Centre Daily Times, April 6, 2012 by Jessica VanderKolk
A state House bill requiring an ultrasound for women seeking an abortion was pulled from the voting calendar, but that hasn’t stopped the outcry against the issue and continued debate.
The bill, introduced by Republican Rep. Kathy Rapp, was co-sponsored by Rep. Kerry Benninghoff, R-Bellefonte. Called the “Women’s Right-to-Know Act,” it would require a woman to undergo an ultrasound at least 24 hours before an abortion. The language of the bill does not specify whether a transvaginal or external abdominal ultrasound should be used but stated the test would be used to determine the gestational age of the fetus.
The bill also states that a woman may view the ultrasound while it is performed and that the professional conducting the test will inform the woman whether a heartbeat was detected and that the woman may observe it.
After opposition from doctors, House Majority Leader Rep. Mike Turzai tabled the bill indefinitely in mid-March, while leaders work through physician concerns.
A letter from the Pennsylvania Medical Society assisted in that delay, stating the bill “would significantly jeopardize the open dialogue within the physician-patient relationship,” said society President Marilyn J. Heine.
Dr. Peg Spear, who works for Penn State’s University Health Services, shared that sentiment.
“It is unprecedented for lawmakers to regulate in this way what goes on within the private and confidential context of the physician-patient relationship,” she said. “The bill is called the ‘Women’s Right-to- Know Act.’ This is a misnomer. Women already have the right, in the privacy of a visit with their health care provider, to discuss any aspect of an unplanned pregnancy. They can request an ultrasound.
“What the proposed law does is force all women to have a test which may be invasive and traumatic. Further, it does not provide any rights to women, but rather interferes with their right to decide what to do when faced with an unplanned pregnancy, a right which women in this country do still have.”
Benninghoff said he feels the bill would address “horrific situations” in some abortion clinics, like in Dr. Kermit Gosnell’s Philadelphia office. Gosnell was arrested last year and charged with the deaths of seven babies and one woman.
“It addresses some of the less-than-stellar organizations that are addressing these services,” he said. “I always thought the majority of people want to have as much information available as possible, as technology increases.”
Benninghoff said an external ultrasound would be “generally the routine” in such situations. He noted his daughter is an ultrasound technician.
“I’m the last one wanting to run around, mandating things from the government,” he said. “Ultrasounds are not an invasive procedure,” but they can provide a lot of information.
However, Spear noted that, because the ultrasound would be used to determine fetal age, early pregnancies would require a transvaginal procedure.
“I think being vague about that doesn’t mean it’s not problematic,” she said.
Michael Berkman, a Penn State political science professor, sees the ultrasound bills cropping up across the country as a continuation of the battle over abortion rights. It started with determining who can perform the procedure and enforcing waiting periods.
“Now, increasingly, they seem to be moving to shaming people and making it more miserable to get an abortion,” he said. “It’s all intended to make it more difficult; ever more unpleasant, ever more stigmatized.”
“They” are the majority Republican legislatures elected in 2010, which have conservative views on abortion. As the debate has ignited across the country through similar legislation, Berkman said he has seen Republicans pull back, realizing the bills aren’t a good idea.
“Saying you’re going to talk with doctors is a way of saying you’re not going to do it,” he said.
As has happened in other states, state Sen.

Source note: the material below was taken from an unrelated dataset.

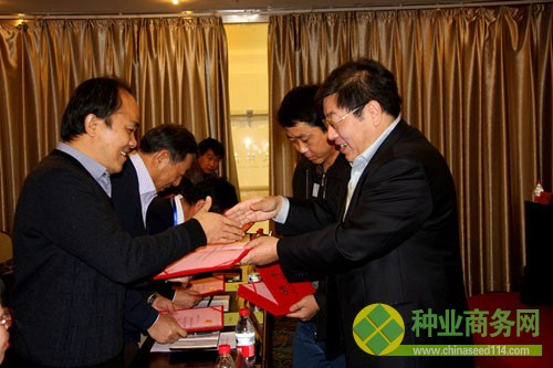 農(nóng)業(yè)部科教司巡視員王衍亮向大豆專家頒發(fā)了重點實驗室學(xué)術(shù)委員會委員聘書。

Larry Farnese responded to the House bill with planned legislation of his own, requiring various tests and other mandates before men may receive medication for erectile dysfunction.
Farnese, D-Philadelphia, denounced the ultrasound bill in a statement, calling the potential transvaginal ultrasound “unnecessary” and “humiliating” for women.
“No woman should be forced to undergo a transvaginal ultrasound if they don’t want or need the test,” Farnese said in the statement.
Farnese’s bill would require that male patients receive a full prostate exam and cardiac stress test, submit a signed affidavit from a sexual partner stating the patient suffers from ED, participate in sex therapy to see if there are non-physical causes for ED, and watch a video about the side effects of the medication.
Berkman said he sees these counter bills as a way to frame the issue of people’s sexual privacy.
“And that’s as effective a way as anything else,” he said. “It does help reframe the kind of gender issue of the conflict, which I think Democrats rightly see as a more winning way to frame it than about abortion choice.”
Catherine Jampel, of State College, who signed an online petition opposing the state House bill, said she appreciates that the legislation related to men have pulled people into the conversation, but said the response puts too much emphasis on gender.
“I believe men and women, however self-identified, should stand together in solidarity in support of sensible policies,” she said.
That solidarity showed up in a survey from the Quinnipiac University Polling Institute last month, in which more men opposed the Pennsylvania bill than women.
Voters opposed it 48 to 42 percent, with men opposed 51 to 39 percent and women divided 45 to 45 percent. Voters opposed transvaginal ultrasounds 64 to 23 percent.